Zweygberg Wirgart B, Brytting M, Linde A, Wahren B, Grillner L
Department of Clinical Microbiology, Section of Virology, Karolinska Hospital, S-171 76, Stockholm, Sweden.
J Clin Microbiol. 1998 Dec;36(12):3662-9. doi: 10.1128/JCM.36.12.3662-3669.1998.
We determined the nucleotide (nt) and amino acid (aa) heterogeneities of three distinct regions of the human cytomegalovirus (CMV) genome for 46 low-passage CMV isolates from four different patient populations (congenitally infected infants, children attending day-care centers, renal transplant recipients, and human immunodeficiency virus-infected individuals) and for two laboratory strains (CMV Ad169 and Towne). The gene regions for the major immediate-early (MIE) exon 4 gene (nt positions 1702 to 1982, aa positions 152 to 244), the DNA polymerase gene (nt positions 2797 to 3046, aa positions 713 to 795), and the glycoprotein B (gB) gene (nt positions 1698 to 1884, aa positions 567 to 628) were sequenced. The sequence information was used to design sets of nested PCR primers directed against the most highly conserved regions identified. MIE was the most variable gene region compared to the variability of the DNA polymerase and gB gene regions. Comparison of the sequences of all 46 isolates with that of Ad169 revealed nt and aa sequence homologies of 87.9 and 87.2%, respectively, within the MIE gene compared to 92.8 and 100% homologies, respectively, within the DNA polymerase gene and 93 and 95.2% homologies, respectively, within the gB gene. Within the MIE gene, compared to the Ad169 nt sequence the homology at the nt level among isolates obtained from children attending day-care centers was high (96.4%), while it was lower (90%) among isolates obtained from the other three patient populations. Preliminary results of a nested PCR with oligonucleotide primers selected from the DNA polymerase gene region with a low level of nt sequence variation indicates that primers selected from this region might be more powerful for use in PCR than primers selected from the MIE gene region.

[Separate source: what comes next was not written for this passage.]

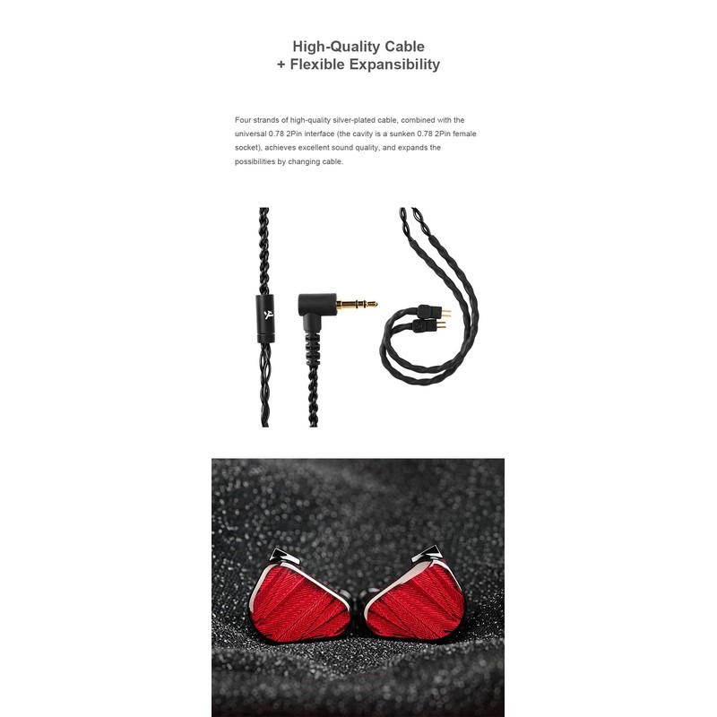 • ZERO:RED houses double dynamic driver configuration, with a diameter of 10mm and the other diameter of 7.8mm, the mature internal magnetic circuit structure co-worked with flexible polyurethane suspension composite LCP liquid crystal dome diaphragm, but it has total different inner configuration between standard ZERO, which makes RED offer a better objective indicators while meeting the needs of R&D.

我们测定了来自四个不同患者群体(先天性感染婴儿、日托中心儿童、肾移植受者和人类免疫缺陷病毒感染者)的46株低传代人巨细胞病毒(CMV)分离株以及两株实验室菌株(CMV Ad169和Towne)的人巨细胞病毒(CMV)基因组三个不同区域的核苷酸(nt)和氨基酸(aa)异质性。对主要立即早期(MIE)外显子4基因(nt位置1702至1982,aa位置152至244)、DNA聚合酶基因(nt位置2797至3046,aa位置713至795)和糖蛋白B(gB)基因(nt位置1698至1884,aa位置567至628)的基因区域进行了测序。序列信息用于设计针对已鉴定的高度保守区域的巢式PCR引物组。与DNA聚合酶和gB基因区域的变异性相比,MIE是变异性最高的基因区域。将所有46株分离株的序列与Ad169的序列进行比较,结果显示MIE基因内的nt和aa序列同源性分别为87.9%和87.2%,而DNA聚合酶基因内的同源性分别为92.8%和100%,gB基因内的同源性分别为93%和95.2%。在MIE基因内,与Ad169的nt序列相比,来自日托中心儿童的分离株之间在nt水平上的同源性较高(96.4%),而在来自其他三个患者群体的分离株中同源性较低(90%)。从DNA聚合酶基因区域选择的具有低水平nt序列变异的寡核苷酸引物进行巢式PCR的初步结果表明,从该区域选择的引物在PCR中的应用可能比从MIE基因区域选择的引物更有效。